Author's Note: It seems it has been a long time for our species to understand there is significant communication among and between just about everything on the planet. Here, in "Keening the Shades" the coyotes, their cousins, the dogs, the natural mysteries of a desert valley, ghosts and lost ancestors, come together in a communal exchange.
Keening the Shades
It was the Celtic bards who originally gave the lyrics to the funeral caoinan and led the lamentations of the chorus to guide the souls of the dead to the afterlife. Songlines The dogs are keening again tonight. They’ve come out from their domestic homes, into their backyards on the ridge over the wild valley to sympathize with the coyotes, who are also keening, as if in unison they will bring back lost ancestors, a pack with greater power than their own, a plaintive communal longing, without evidence of a kill.
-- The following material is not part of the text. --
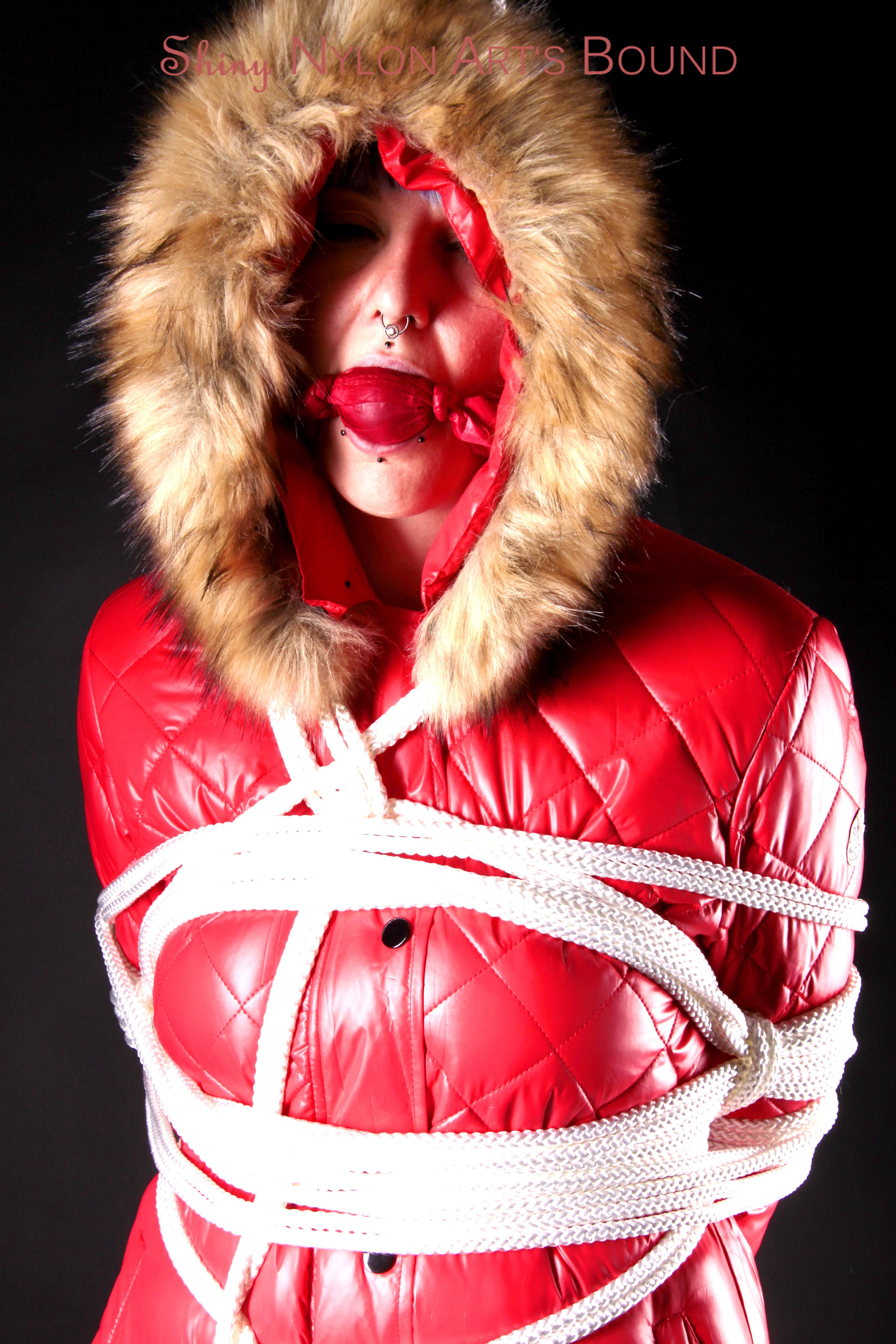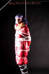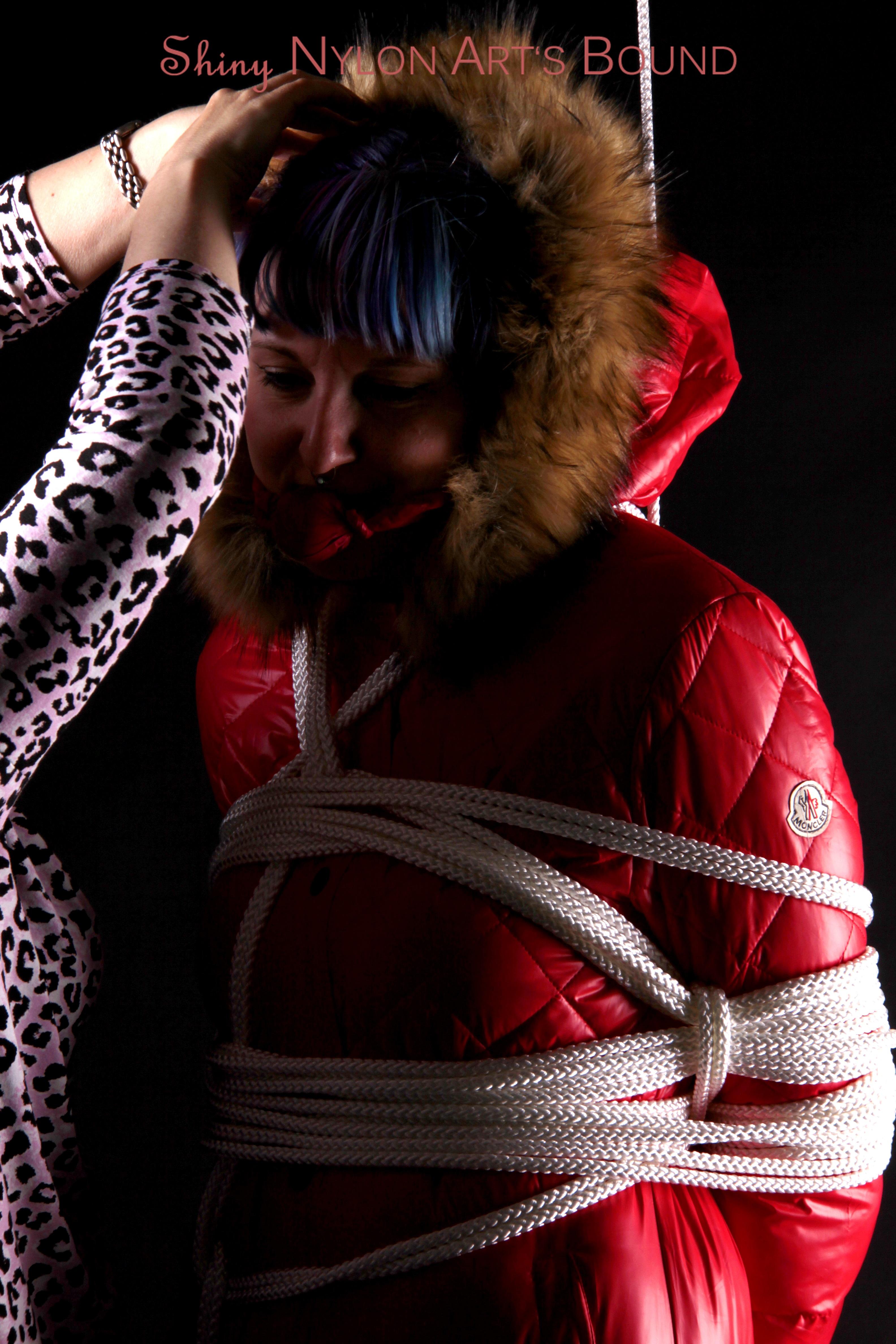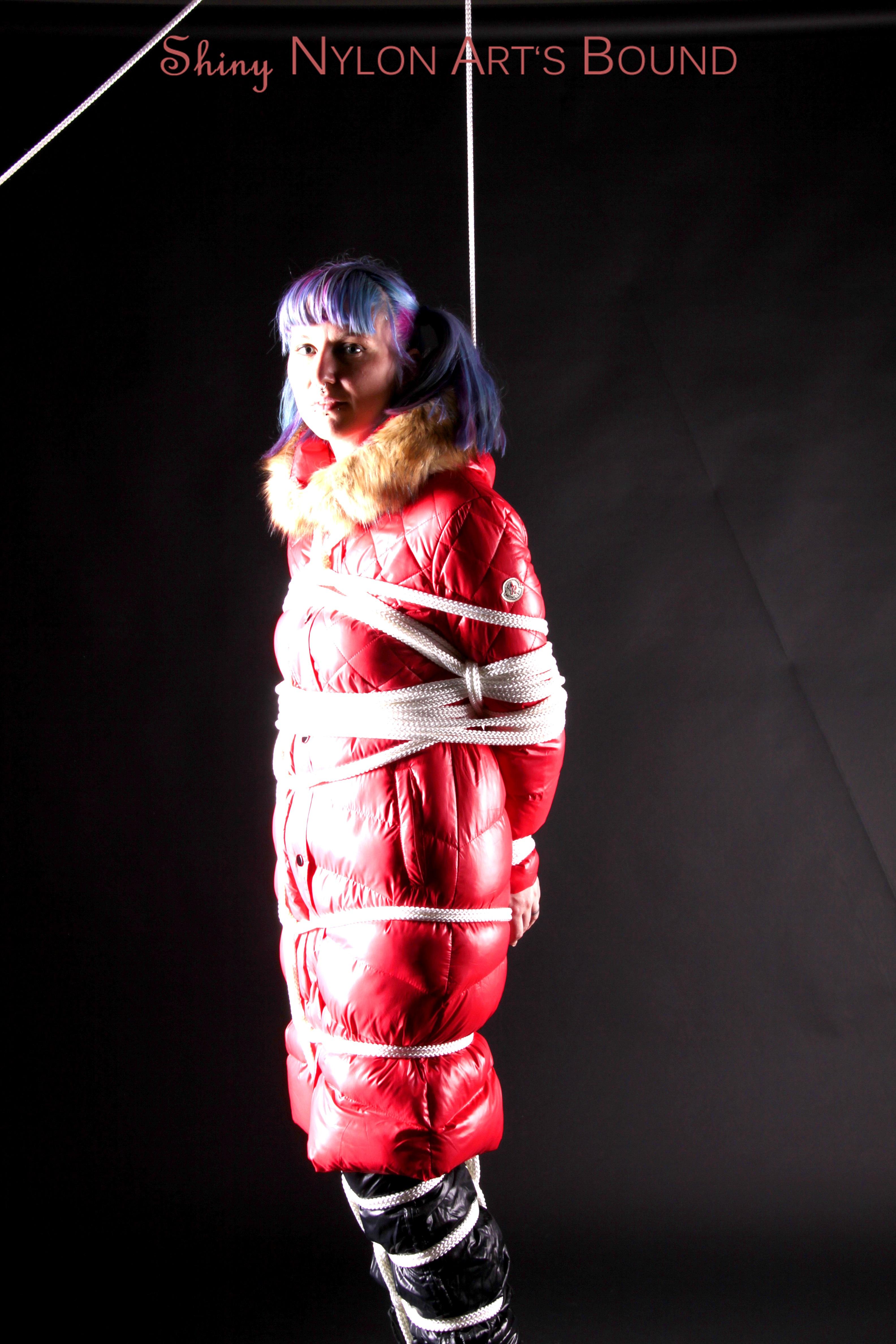 Mara wearing a sexy black shiny nylon down pants and a brandnew red special down jacket tied and gagged overhead with ropes (Pics)

Ghostings The ghosts of memory are in the wailings, just as the moon-ghost pulls the tides out and in, just as the hermit of history keens too for the shapes that emerge from rain and in the mists of rain, umbrae from starlight, o the ghosts are dancing tonight, ghosts of chance and excess, compromise and reluctance, and when wind and rain cease, they cease also. Nominals The ghosts of history appear to reappear in abandoned school hallways still polished by song, in the shades of a blood-red moon, and the ghosts of our longings drift over sunsets and moonsets— the gliding in and the gliding out— in nominals, over the vascular tunics of luminous eyes, over the rainbows of the heart and through the heart in its rain.